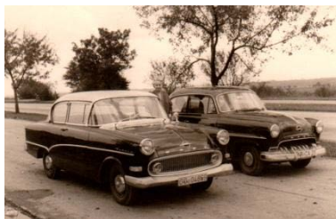
Az utolsó két autója Rheinbrohlban.
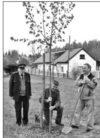
Hasiči se stali patrony nově nasázených lip v obci
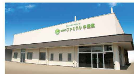
さがみ典礼の家族葬 ファミラル中屋敷 中屋敷町1-45
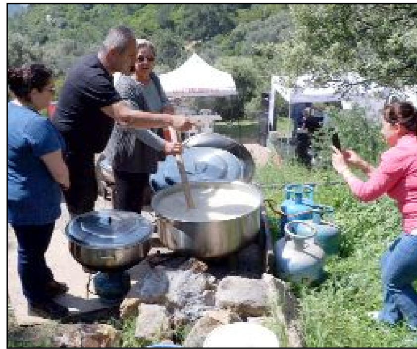
Keşkek kazanı kaynıyor...

> **Activity**
From the line with "Hasiči se stali" to the last line above, restate each line word for word, but skip the pictures.

> **Worked solution**
Hasiči se stali patrony nově nasázených lip v obci
さがみ典礼の家族葬 ファミラル中屋敷 中屋敷町1-45
Keşkek kazanı kaynıyor...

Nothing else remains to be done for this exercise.